#### [EXERCISE INSTRUCTIONS]
Within the entries below, please retype exactly the lines starting with the line that has "Pikowana kanapa 3" and going on through the line that has "Next에서 localStorage 오류 해결", but not the pictures.

Dataset excerpts:
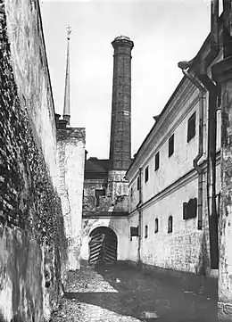 Determined to round up the last Grand Dukes remaining on Russian soil, the Bolsheviks arrested Grand Duke Paul at 3 a.m. on 13 August [O.S. 31 July] 1918.[65] He was taken to the local Soviet, housed in Grand Duke Vladimir's Tsarkoe Selo villa. The next morning, he was sent to Spalernaia prison, where he would remain for most of his incarceration.[65] His cousins, Grand Dukes Dimitri Konstantinovich, Nicholas Mikhailovich and George Mikhailovich, were already imprisoned there.[55][66]
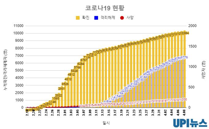 사망자는 8명 늘어 총 200명…평균 치명률 1.93%
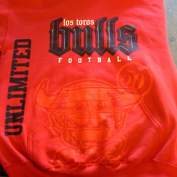Appliqué, also know as tackle twill, is the technique of layering fabric onto a garment
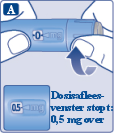 Alleen het dosisafleesvenster en de dosisaanwijspijl geven aan dat 0,5 mg is ingesteld. | ||
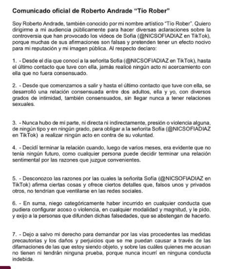 TikTok soon went viral on social networks, where some users asked that the alleged abuse be investigated and demanded that the presentation of Tío Rober be canceled, as part of Happy Hour, at Vive Latino 2022. After the controversy that broke out, Roberto Andrade issued a press release in which he flatly denied the allegations of the one who said, is his ex-girlfriend, and assured that there was never any violence.
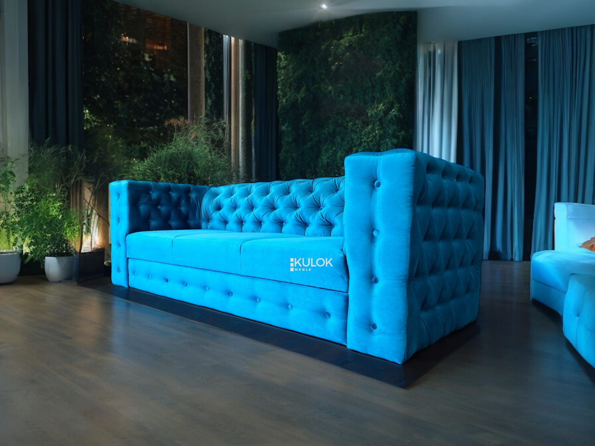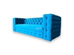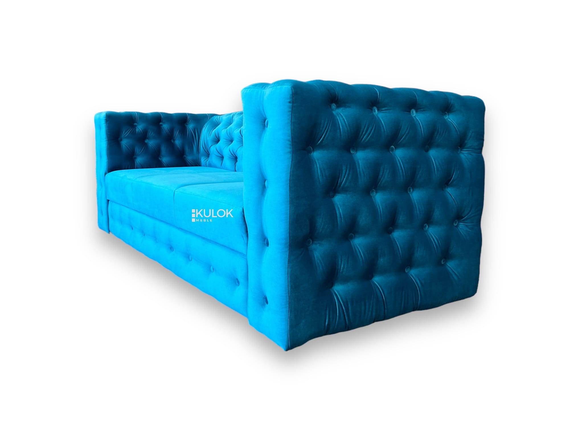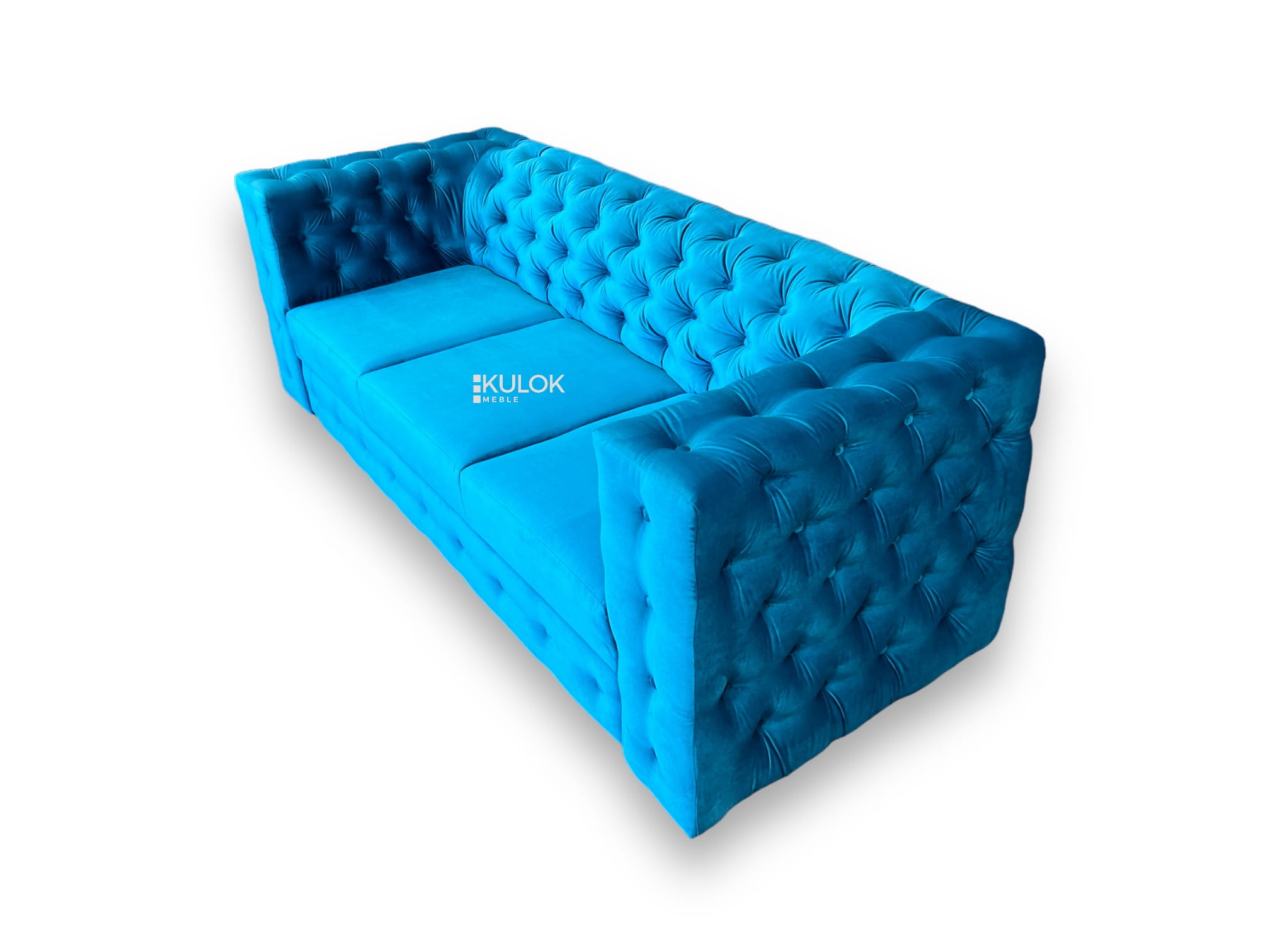 Pikowana kanapa 3 osobowa z funkcją spania niebieski turkusowy Mustang Velvet 25513 guziki nowoczesna do salonu Manchester 230cm
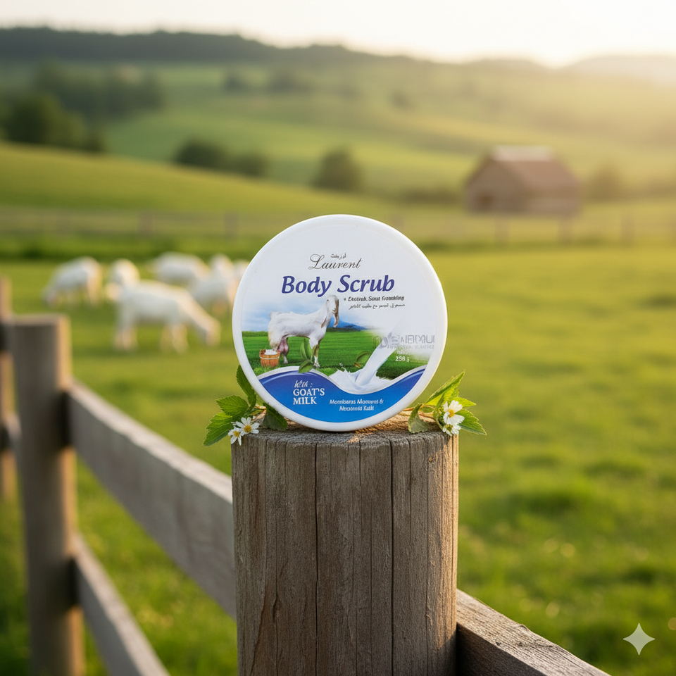 ลอเรนท์250gr สครับน้ำนมแพะสำหรับขัดผิวคุณภาพสูงและปรับผิวขาว
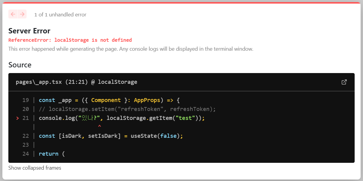 Next에서 localStorage 오류 해결
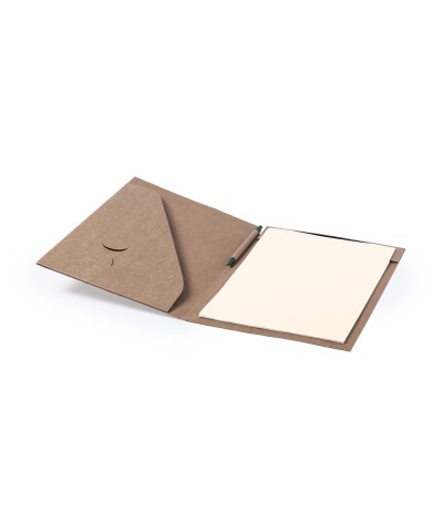 Conférencier en carton recyclé résistant rigide avec stylo à bille en carton recyclé assorti inclus. Intérieur avec bloc-notes amovible de 20 feuilles unies, pochette à rabat, porte-cartes et... Suite dans la description
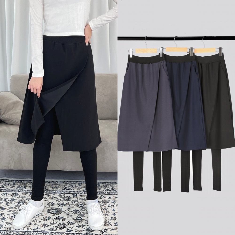 플레어 니트 랩 치마레깅스 레이어드 차콜 네이비 블랙 스판 롱 치랭스
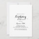 Cette calligraphie moderne invitation fête d'anniversaire est parfait pour un événement rustique. Le design sobre et élégant présente une typographie de script classique et sophistiquée en noir et blanc.
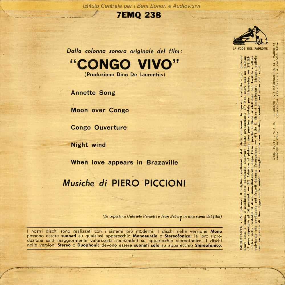 : Data matrici: 20 Marzo / Dalla colonna sonora originale del film "Congo Vivo" (Giuseppe Bennati, 1962) / Distribuito da EMI Italiana - Milano
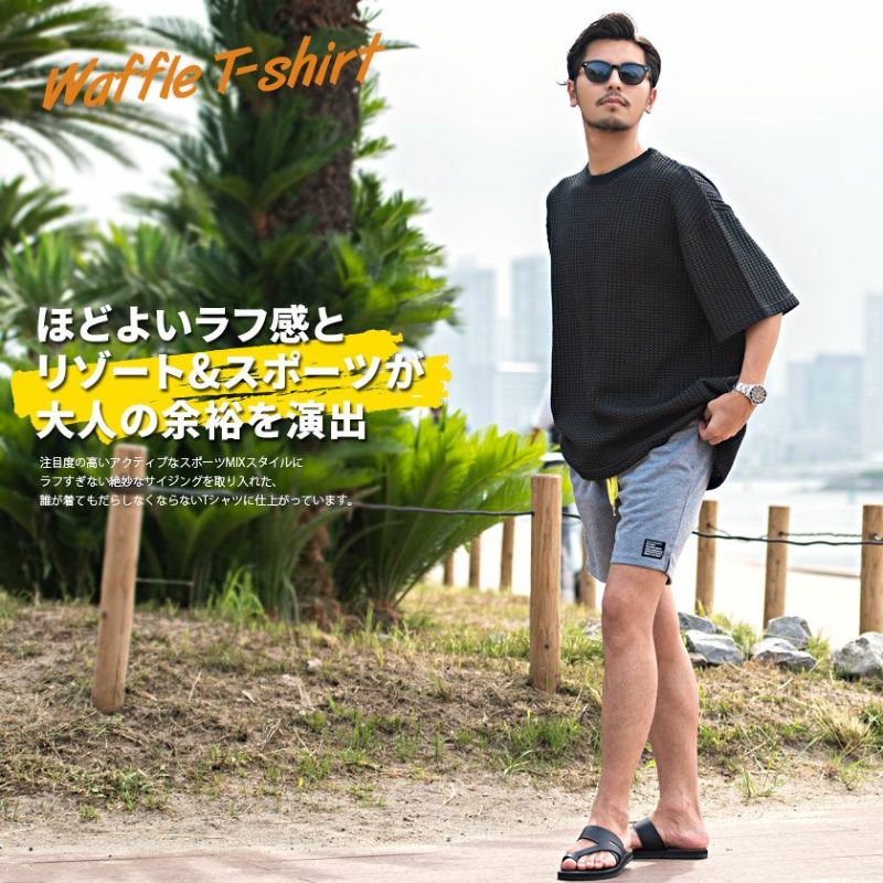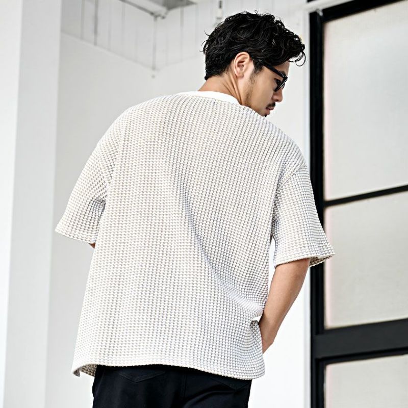ニットのようにも見える凹凸感と柔らかな肌触りが特徴のワッフル素材を使用した半袖Tシャツ。
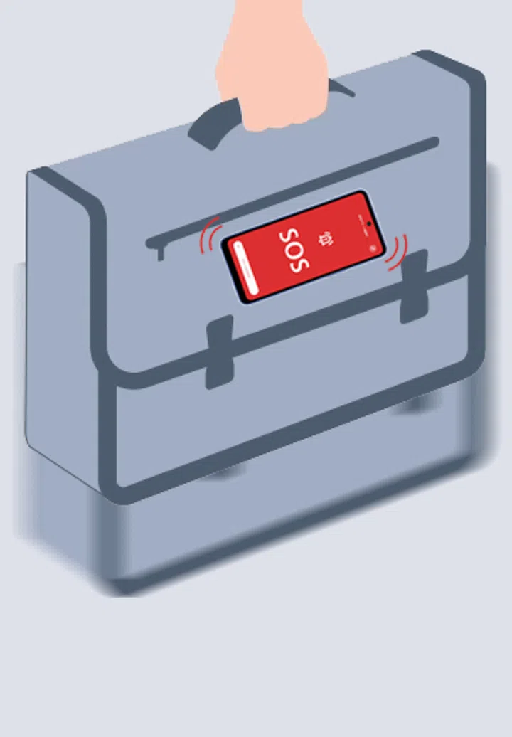 Sharp AQUOS wish5 illustration of in-bag shaking to activate SOS alarm.
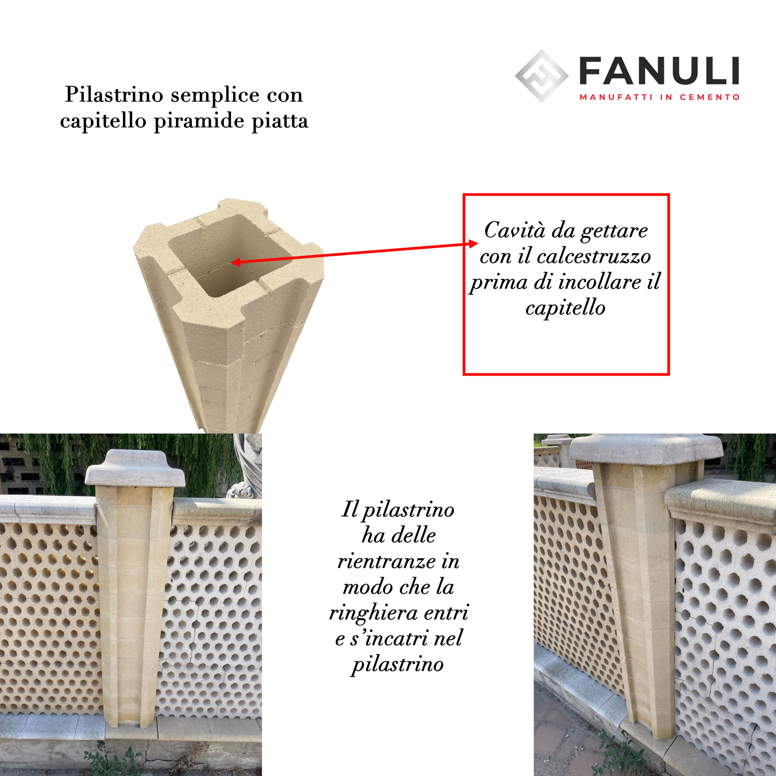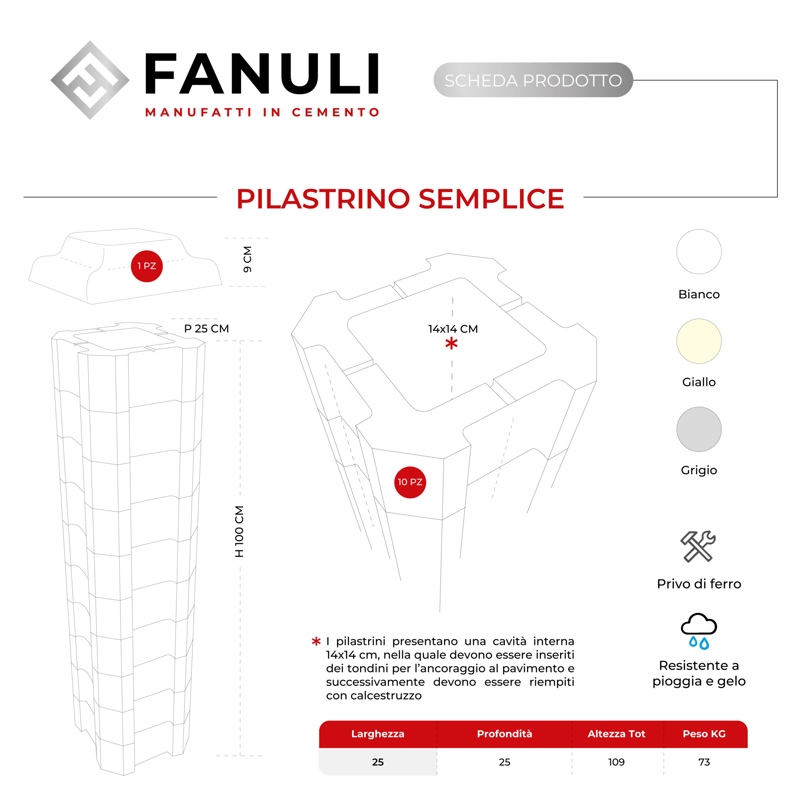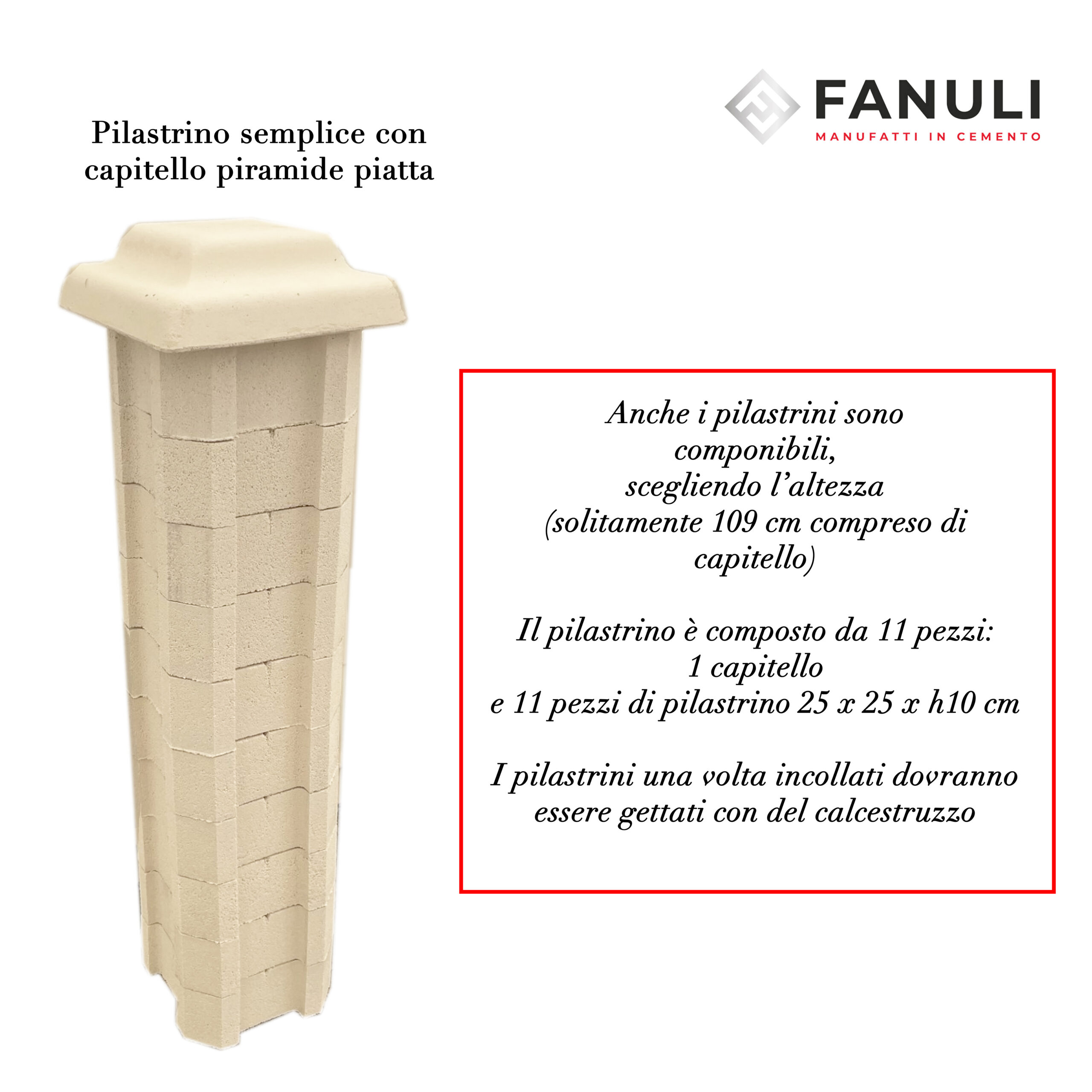 CARATTERISTICHE TECNICHE: Il Pilastrino “semplice” di standard viene venduto altezza 100 cm più il capuccio. E’ largo 25 x 25 cm e l’altezza di ogni singolo blocchetto del pilastrino semplice è h 10 cm

#### [YOUR SOLUTION]
 Pikowana kanapa 3 osobowa z funkcją spania niebieski turkusowy Mustang Velvet 25513 guziki nowoczesna do salonu Manchester 230cm
 ลอเรนท์250gr สครับน้ำนมแพะสำหรับขัดผิวคุณภาพสูงและปรับผิวขาว
 Next에서 localStorage 오류 해결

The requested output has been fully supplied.